Baykeeper’s Pollution Hotline received several pollution reports after each of two recent San Francisco fireworks shows held as part of the Super Bowl 50 festivities. The reports—from a Baykeeper board member, swimmers at the San Francisco-based Dolphin Club, and cleanup volunteers from the nonprofit organization Shark Stewards—contained evidence of fireworks debris contaminating San Francisco Bay and the Aquatic Park shoreline.
The contamination first became apparent the day after the first Super Bowl fireworks display on January 31. Large amounts of fireworks debris contaminated the Aquatic Park waters, which are used by open-water swimmers. Initial reports indicated that swimmers who were in the water the morning of February 1 encountered significant plastic and cardboard debris that interfered with their swim. That morning, National Park Service staff removed charred fuses, plastic, and cardboard pieces from the beach at Aquatic Park, filling four 50-gallon trash containers.
In response to the reports, Baykeeper investigated how this contamination was allowed to happen. We learned that the companies putting on the fireworks displays were not required to secure Clean Water Act permits, so they were not expected to monitor or contain debris to prevent pollution in the Bay.
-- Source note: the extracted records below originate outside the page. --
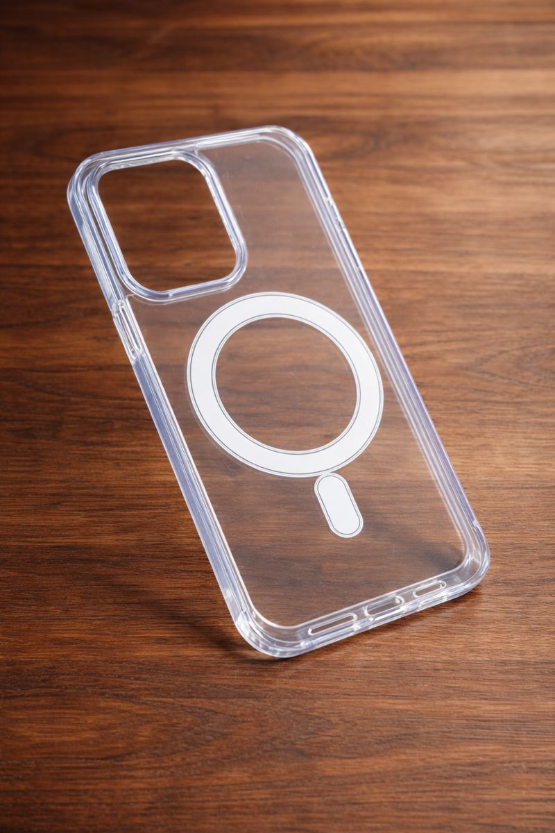 Crystal clear MagSafe case for iPhone 15 with strong magnetic support, slim design, precise cut-outs, and reliable everyday protection.
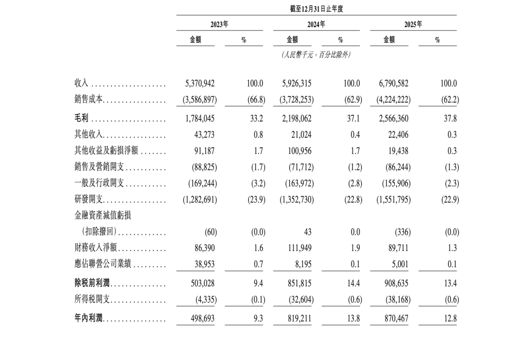 从业绩表现来看,晶晨股份近年来保持稳健增长态势。招股书显示,2023年至2025年,公司营业收入分别为53.71亿元、59.26亿元、67.91亿元,逐年稳步提升;年内利润分别为4.99亿元、8.19亿元、8.70亿元,2023年至2024年利润同比增幅达64.3%,2024年至2025年同比增幅为6.3%,盈利能力持续增强。毛利率方面,公司毛利率从2023年的33.2%提升至2024年的37.1%,2025年维持在37.8%的较高水平,体现出较强的成本控制能力和产品竞争力。
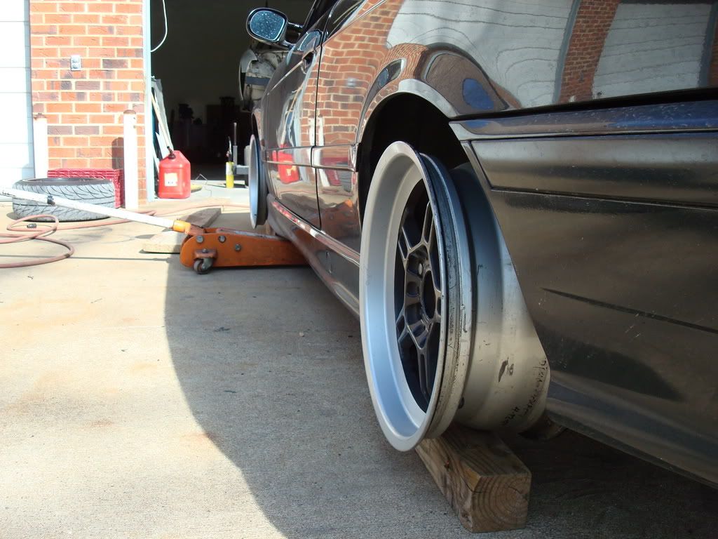 I just picked these up and was so excited I did a little test fit. Don't worry, the whole weight of the car wasn't on them, it was still supported by the jack a little. I'm currently looking for a set of Turbine covers, should be pretty cool:
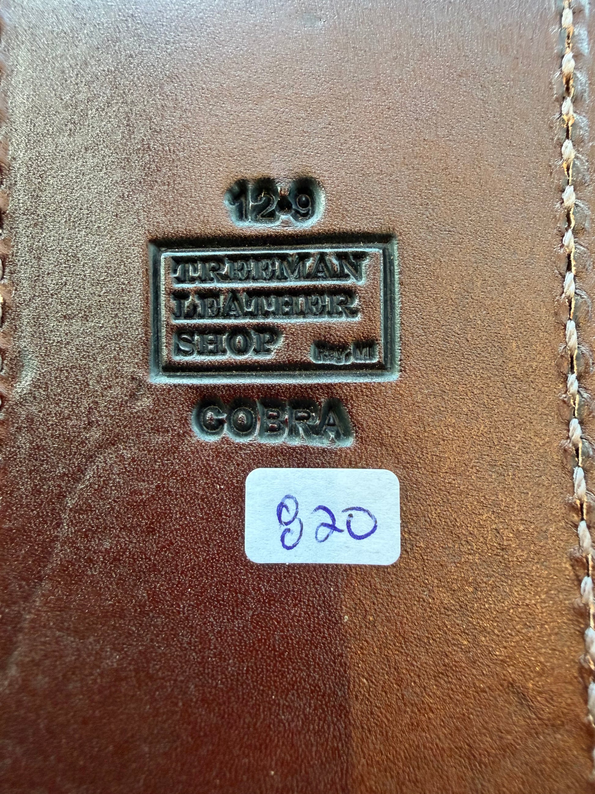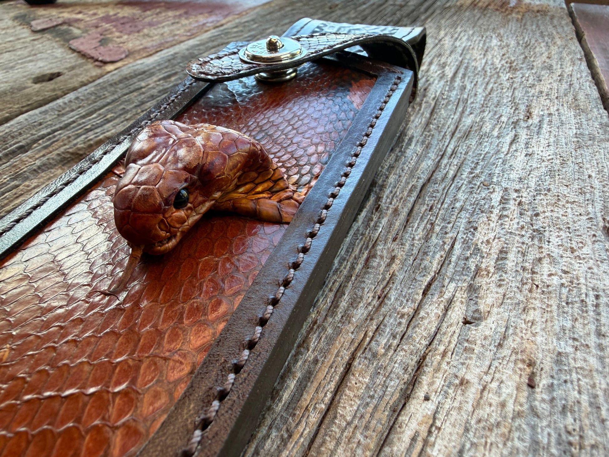 One of Brian’s coolest sheaths. Actual Cobra head all original not cut and sewn on. It turned out exceptional.  All brass stamping on the back with a Treeman logo inside the square giving it a clean organized look. Hand tooled belt loops front and back.
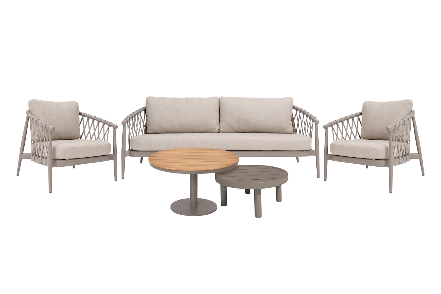 Met de Panama sofaset met 3-zitsbank van Royal Seasons® kies je voor een complete 5-persoons loungeset die comfort en uitstraling samenbrengt. De samenstelling met 2 Panama loungestoelen, 1 Panama 2,5-zitsbank, 1 Panama salontafel en 1 Panama salontafel maakt deze set geschikt voor dagelijks gebruik in de tuin of op het terras. Materialen als aluminium, touw (rope) en oléfin zorgen voor een nette afwerking, prettig gebruiksgemak en een solide basis voor buiten.
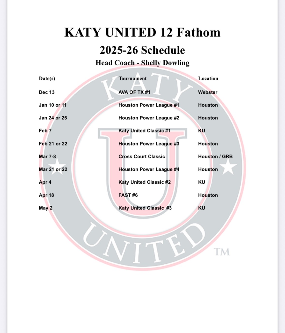 practice 5:30 PM (2h) Katy United Court 1 13 Fathom 13 Navy 14 Fathom - Jorge 13 Molten 14 Navy 14 Red 14 White
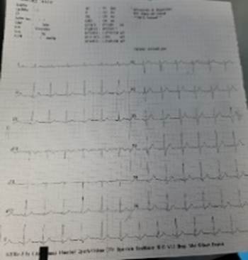 Paciente masculino de 62 años originario y residente en zona urbana del cantón Duran, con antecedentes patológicos personales de hipertensión arterial. Ingresa al área de emergencia por demanda espontánea el 6 de septiembre del 2022 a las 18:00 con clasificación de Mánchester-esi III, por sensación de falta de aire, diaforesis y coloración azul oscura de piel. Refiere cuadro clínico de 15 horas de evolución a su llegada sin aparente causa desencadenante y de inicio súbito progresivo mientras se encontraba en una reunión familiar. Este se caracterizaba por sensación de falta de aire leve, disconfort torácico inespecífico tolerable que cedía al reposo, diaforesis generalizada, vómitos biliosos por 2 ocasiones, mareo subjetivo moderado y cambio de coloración azulada de piel de manera súbita que se intensificaba con el pasar de las horas por lo que decide acudir a esta casa de salud, negó alza térmico y sintomatología de otro órgano o sistema.
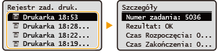 wybierz dokument, którego historię chcesz sprawdzić.Komunikat <OK> jest wyświetlany po pomyślnym wydrukowaniu dokumentu. Jeżeli natomiast drukowanie dokumentu nie powiedzie się, ponieważ zostało anulowane lub wystąpił błąd, na ekranie pojawi się komunikat <Błąd>.
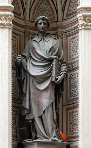 | Keywords: St Stephen Ghiberti Orsanmichele.jpg St Stephen Statue commissioned by the Arte della Lana guild of wool manufacturers Orsanmichele Florence Saint Étienne Statue commandée par l'Arte della Lana guilde de la laine Orsanmichele Florence Jastrow own picture 1428 Creator Lorenzo Ghiberti Santo Stefano Ghiberti replica and original niche Lorenzo Ghiberti 1428 bronze statues in Italy | ||||
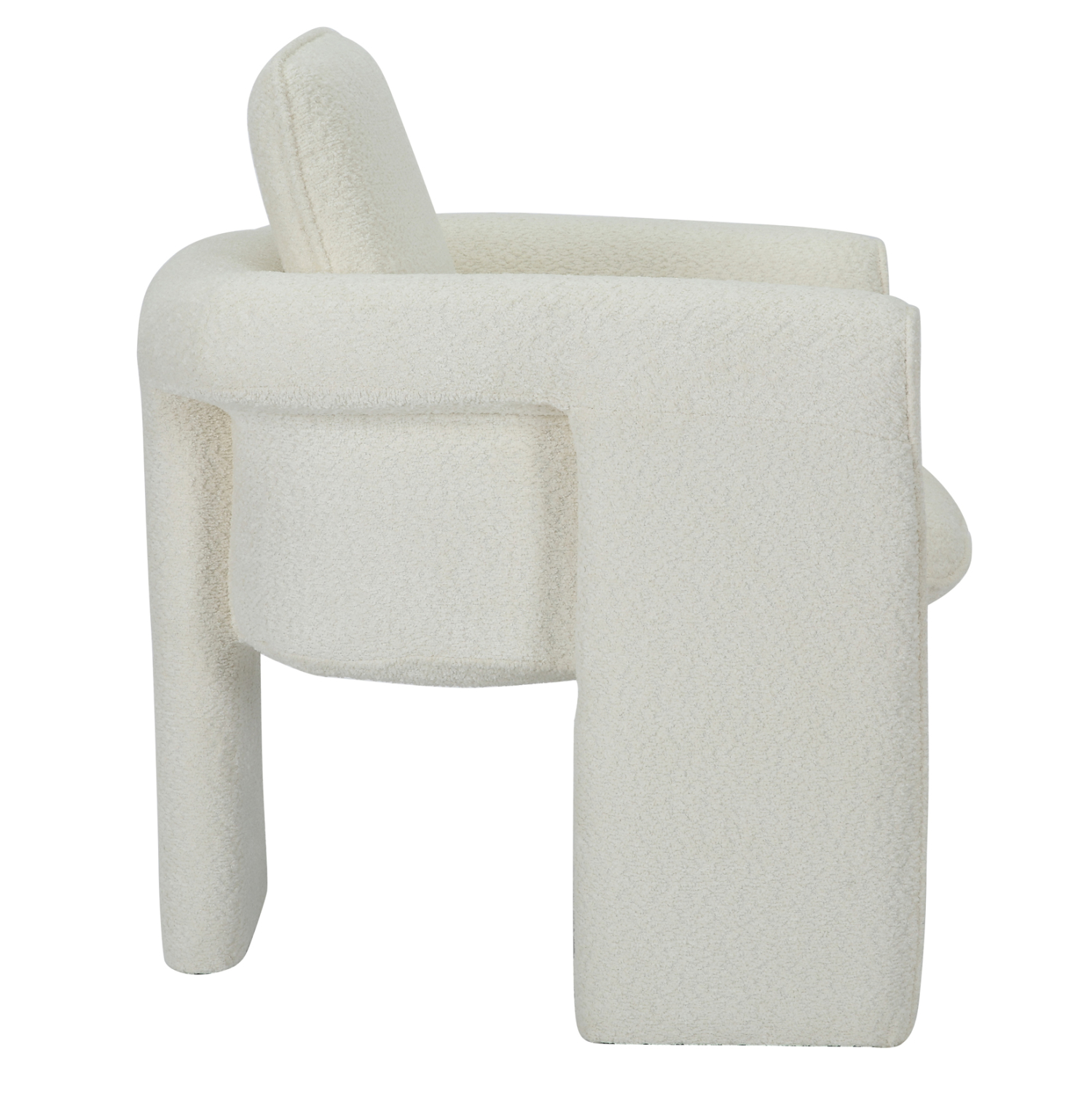 Ο σκελετός της πολυθρόνας είναι μεταλλικός με ηλεκτροστατική βαφή, ενώ ολόκληρη η επένδυση έχει γίνει με μπουκλέ ύφασμα εξαιρετικής ποιότητας και υφής. Μπουκλέ λέγεται οποιοδήποτε ύφασμα που έχει κόμπο-μπούκλα στην ύφανσή του. Κατασκευάζεται από σχεδόν όλες τις πρώτες ύλες (αν και συνήθως είναι συνθετικό) με ειδικές κλωστές με κόμπους ή πολύ στριμμένα νήματα, έτσι ώστε να έχει σγουρή επιφάνεια. Δεν τσαλακώνει και μπορεί να είναι μονόχρωμο, μελανζέ ,καρώ ή τουιντ.
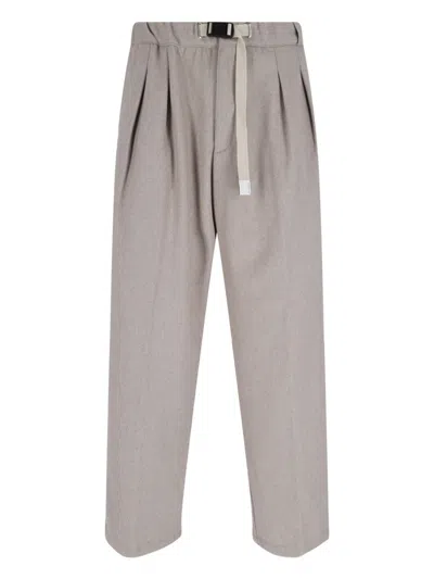 Belt-fastening Pleated Trousers In Neutral
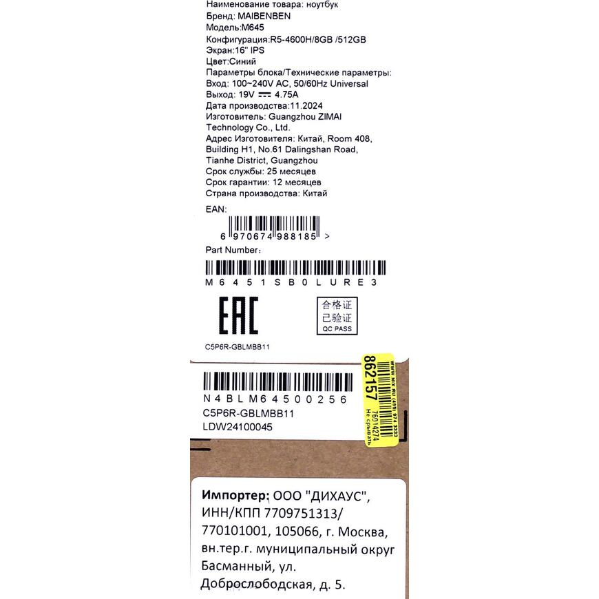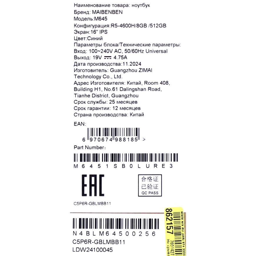 | Размеры упаковки (измерено в НИКСе) |
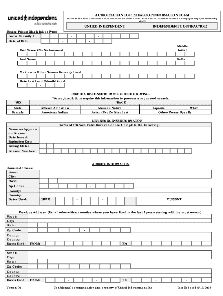 AUTHORIZATION FOR RELEASE OF INFORMATION FORM For use to determine authorization as an independent contractor with UI and does not constitute or create an employer/employee relationship with UI. UNITED
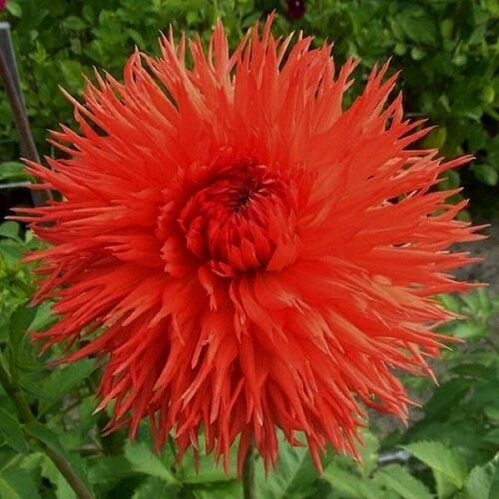 Георгина бахромчатая Mel's Orange Marmelade (Мелз Оранж Мармелад) - махровый остролистный сорт. Цветки из сотен ярко-алых крупных остроконечных лепестков похожи на огромные яркие вечерние звезды. Стебли стройные, прямостоячие, упругие, с насыщенной темно-зеленой листвой, достигают в высоту 120 см.
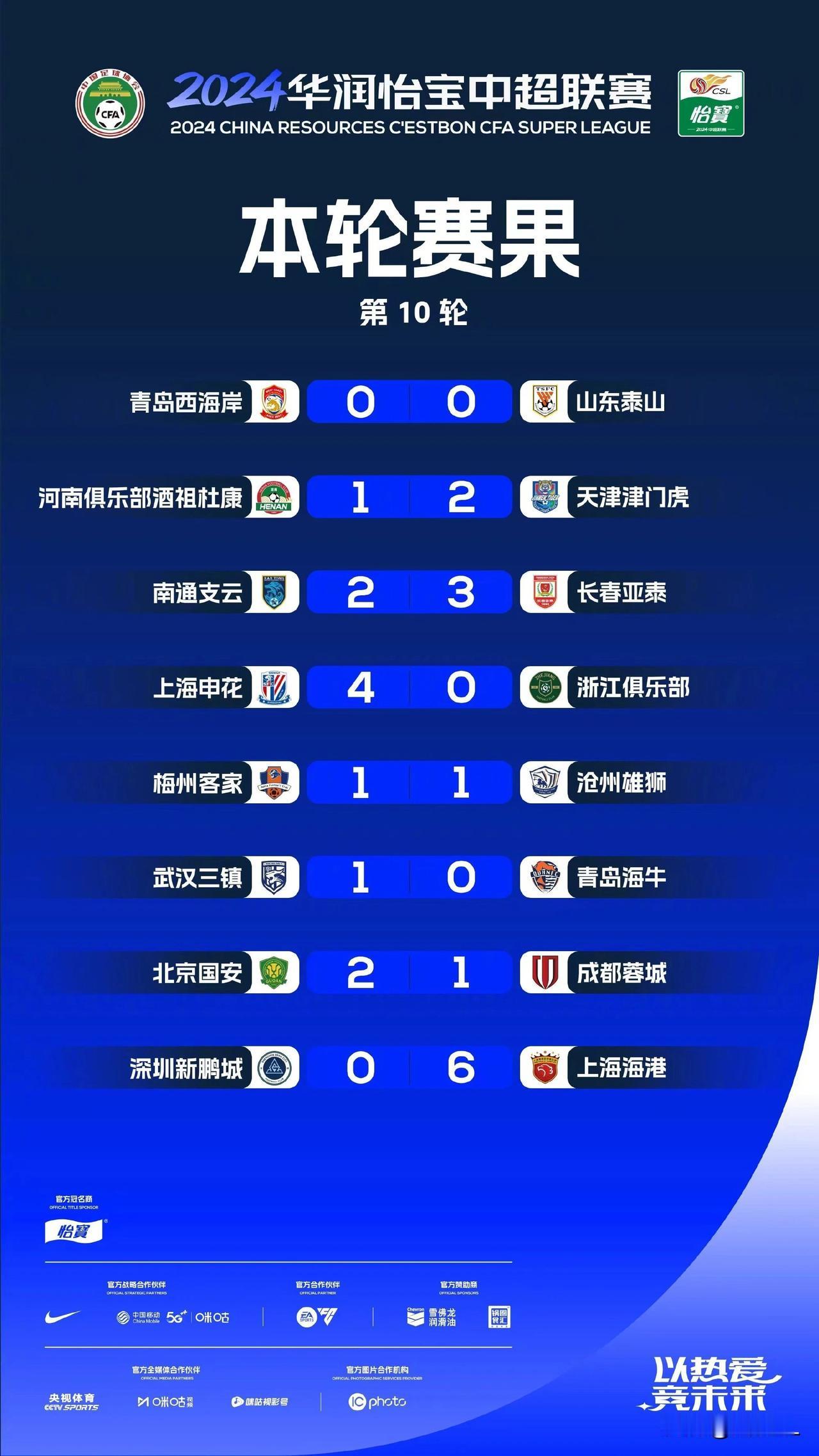 中超10轮过后,大局基本已定: 联赛冠军:上海申花55%,上海海港45%。
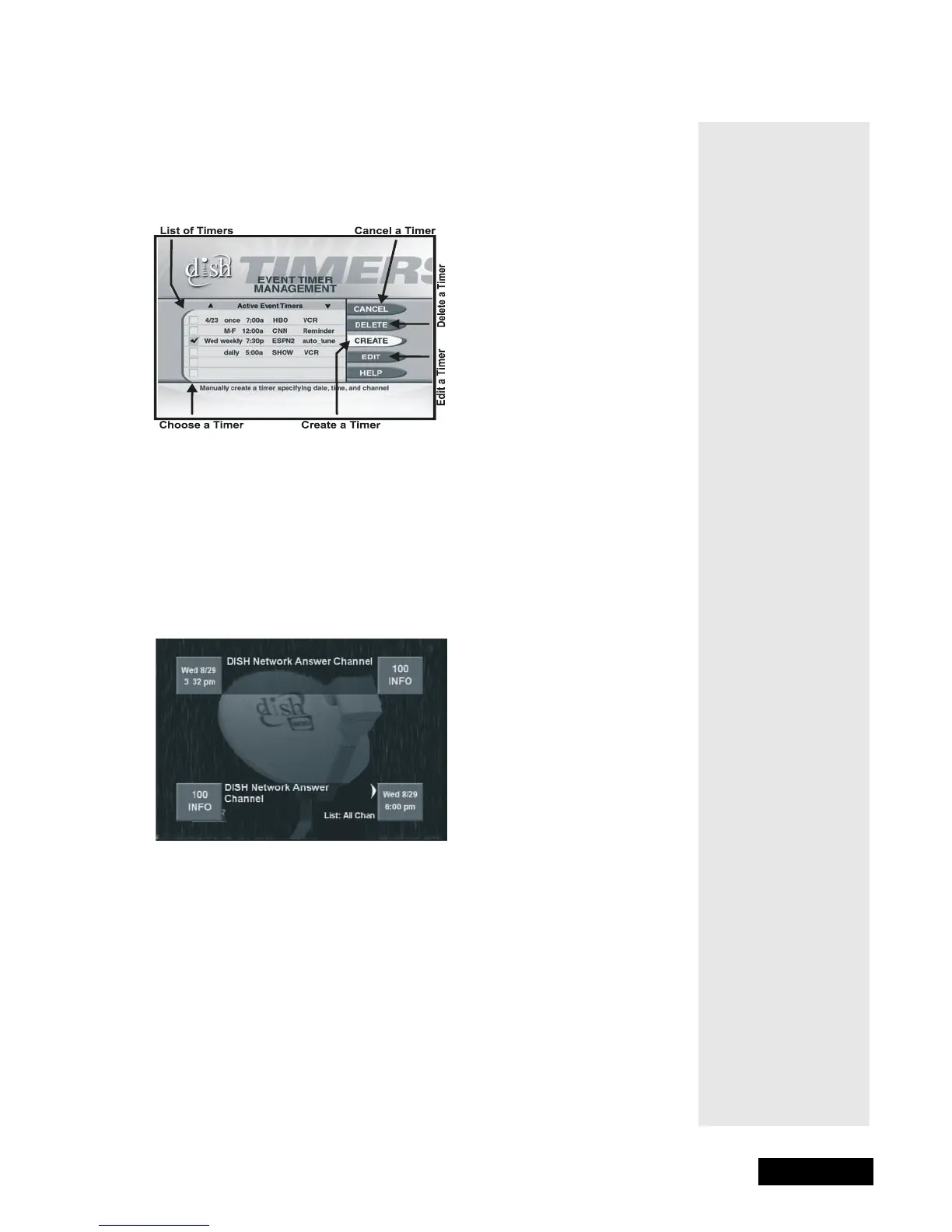 The Timers Menu allows you to set up the receiver to tune in and/or record a
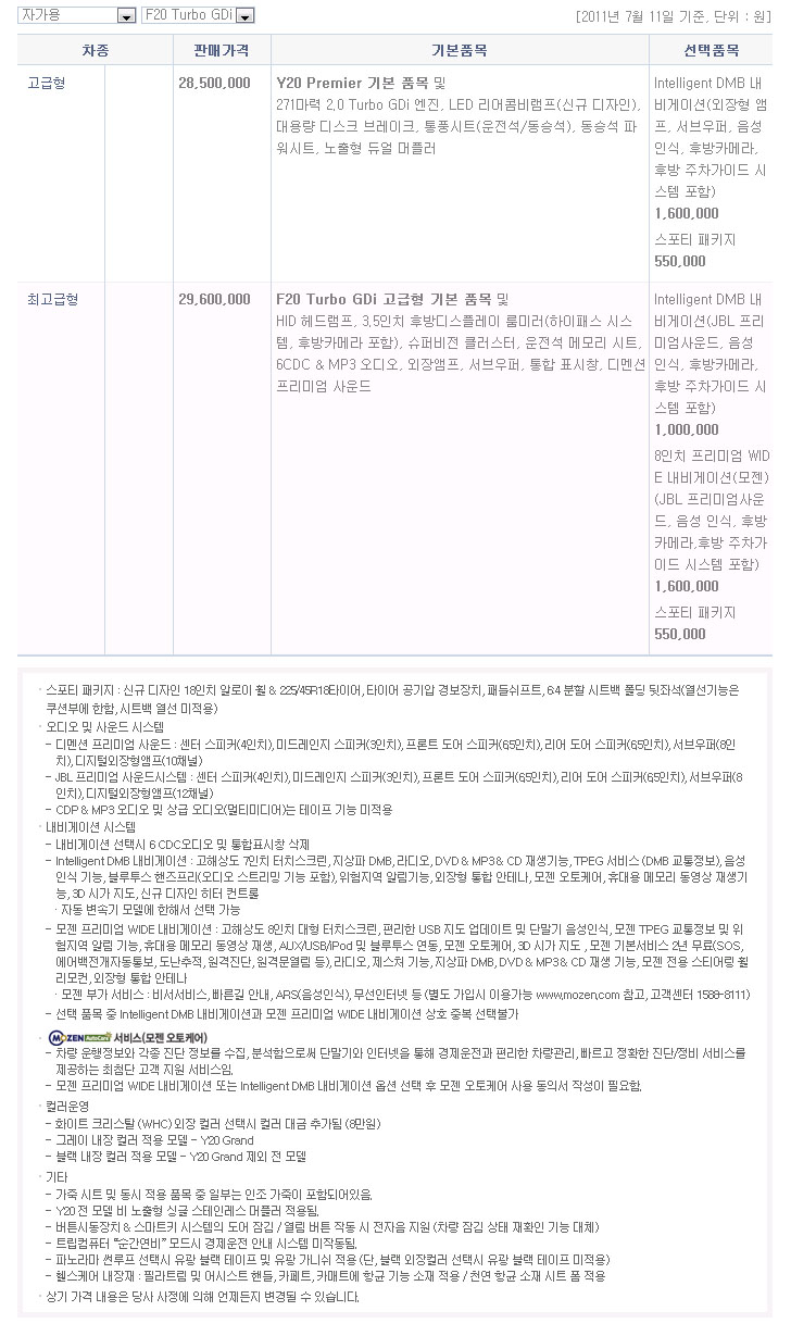 2011년 7월 YF쏘나타 터보GDi 신차가격표

Baykeeper immediately urged regional water regulators to put requirements in place to prevent future contamination. We also sent a letter to the company that conducted the fireworks display, Pyro Spectaculars, telling them that pollution of this type is unacceptable and that they need to take stronger measures to prevent it. In response, local regulators suggested specific measures to try to reduce debris in time for the second fireworks show.
After the second show on February 5, more fireworks debris washed up at Aquatic Park. Volunteers from Shark Stewards again did their regular weekly Saturday cleanup of the park the day after the second Super Bowl fireworks display, and they contacted Baykeeper to report more than 30 pounds of fireworks debris. A full week after the second fireworks display, they collected another gallon bucketful of remaining washed-up debris. It’s likely that even more plastic pollution is still in the Bay, covering other shorelines, or being washed out into the Pacific Ocean.
A Regional Water Board official told the San Francisco Chronicle that they may investigate the Super Bowl shows and issue fines to those responsible. Based on our discussions with the agency staff, the Board is also considering Baykeeper’s recommendation that producers of fireworks displays on the Bay be required to obtain a Clean Water Act permit detailing how they will keep debris from polluting the Bay. Baykeeper will monitor the Board’s actions and keep working to ensure that San Francisco Bay is protected from fireworks contamination.
While fireworks celebrations are a fun tradition around San Francisco Bay, the responsible companies must ensure proper cleanup of plastics and other debris. They cannot leave it to nonprofits to clean up the mess or leave it in the Bay.